Cityscape of Lisbon featuring modern architecture and bustling entrepreneur activity.

Post‑Golden Visa Europe: Pivot to Innovation‑Led Residency (2025)

  • Europe is moving away from property-led Golden Visas toward enterprise, fund-based, and talent pathways in Portugal, Spain, and France.
  • EU legal pressure is intensifying: the EU’s top court declared Malta’s investor-citizenship scheme illegal, signaling the end of “cash-for-passports.” [Source]
  • Spain has scrapped its €500,000 real-estate visa to contain housing pressures; Portugal eliminated real-estate options and channels capital to funds and public-interest housing. [Spain] [Portugal]
  • France’s Talent Passport is an activity-based residency framework for investors, entrepreneurs, and innovators—no real-estate route. [Source]
  • Law firms should pivot from property acquisition to business formation, approved funds, and talent/innovation routes, backed by new compliance checklists and comparative matrices.

Europe’s residency programs are changing fast. The post‑Golden Visa landscape favors innovation-led residency—business creation, approved investment funds, and talent mobility—over passive property purchases. Clients still want Europe access, but the route is now enterprise-first, particularly in Portugal, Spain, and France.

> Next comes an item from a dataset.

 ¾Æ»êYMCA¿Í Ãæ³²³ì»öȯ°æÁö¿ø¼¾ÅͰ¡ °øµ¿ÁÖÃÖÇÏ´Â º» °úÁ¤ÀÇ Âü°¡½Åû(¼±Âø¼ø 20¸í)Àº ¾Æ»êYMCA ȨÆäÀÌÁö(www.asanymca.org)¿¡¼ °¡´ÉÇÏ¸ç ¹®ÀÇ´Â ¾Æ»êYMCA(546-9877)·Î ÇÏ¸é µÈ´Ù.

EU legal crackdown and the shift away from cash-for-citizenship models

European policy is tightening against “cash-for-passports” and passive residency schemes. In April 2025, the EU’s top court ruled Malta’s investor-citizenship regime illegal—an explicit sign that direct purchase of status conflicts with EU legal standards and public-interest objectives. [The Guardian] This decision reinforces a wider shift: national programs are being redesigned to prioritize measurable contributions—enterprise, innovation, and talent—over simple capital inflows into real estate.

Spain abolishes property-based Golden Visas to ease housing pressure

In April 2024, Spain’s Prime Minister announced the end of the €500,000 real-estate Golden Visa to relieve pressure on local housing markets. [Investing.com] By late 2024, national media reported that Spain would suppress the property-based route, citing links between the visas and rapid property price increases. [Le Monde]

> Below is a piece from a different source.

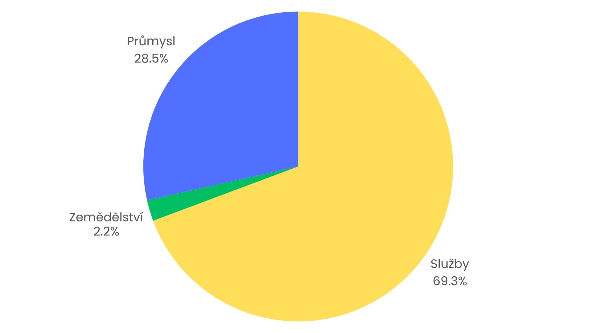 Podíl hlavních sektorů na zaměstnanosti v ČR v 1Q 2025 (v %)

To gauge scale, roughly 14,500 permits were issued under Spain’s Golden Visa by November 2024. [Le Monde] With the property option removed, the housing market aims to shed speculative demand. Advisory implications: steer clients toward business creation, work-based, or innovation-linked routes in lieu of property acquisitions, and prepare more robust job-creation, business-plan, and substance documentation.

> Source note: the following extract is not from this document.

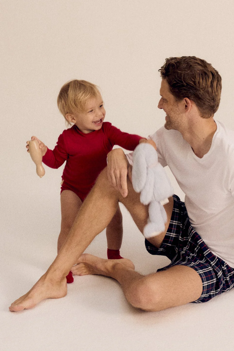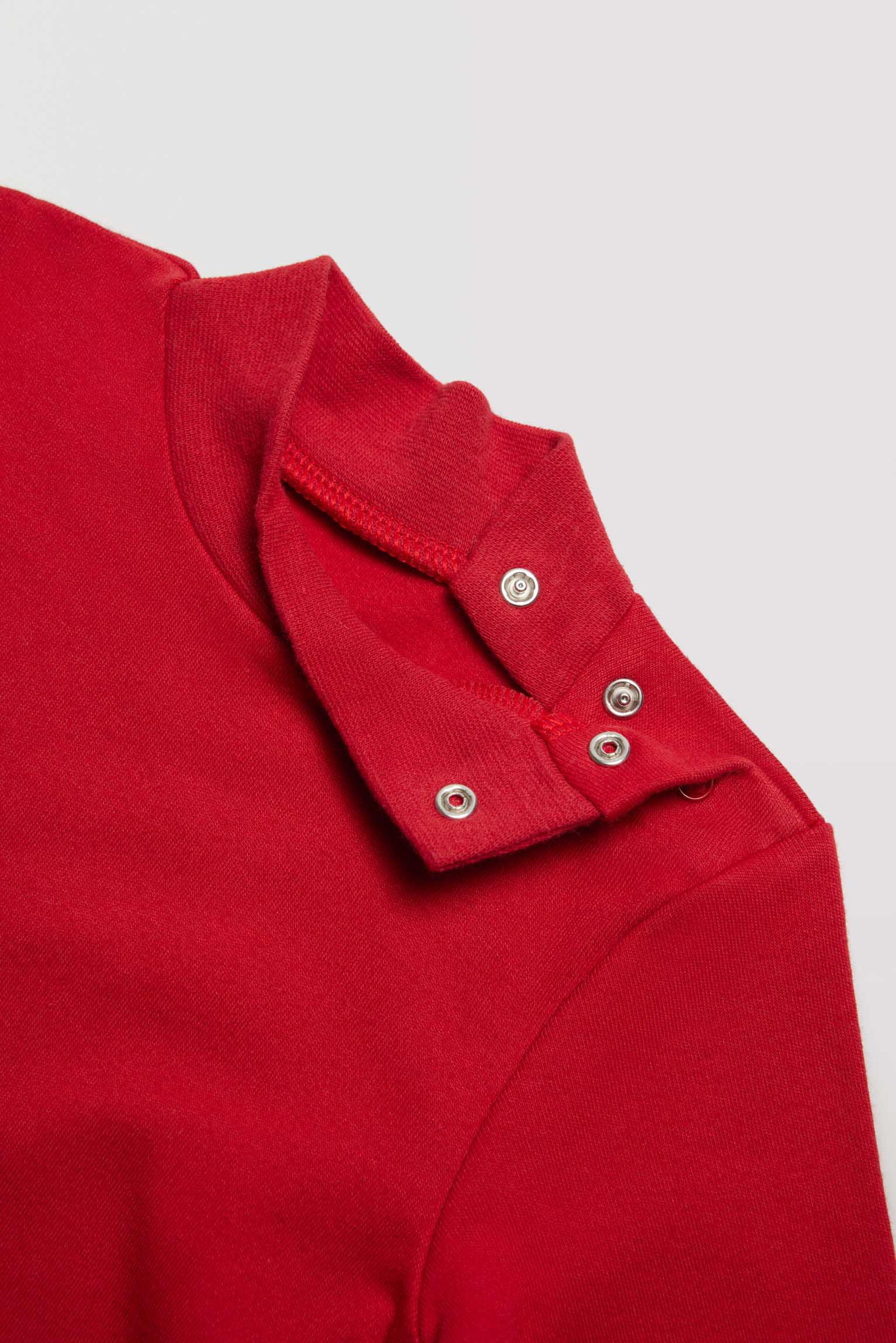 Body bébé à manches longues et col montant en coton naturel. Vêtement confectionné dans un tissu doux et agréable grâce à son intérieur moelleux. Disponible en rouge, marine et gris à partir de 12 mois. Couleur rouge.

Portugal pivots from real-estate routes to approved funds and social-housing investment

Portugal eliminated real-estate purchases from its Golden Visa in 2023 under the “Mais Habitação” package and reoriented the program toward eligible fund investments and public-interest projects. [CS Global Partners] Legal commentary confirms the real-estate route’s end and clarifies that investors should now consider qualifying alternatives, such as approved funds. [National Law Review]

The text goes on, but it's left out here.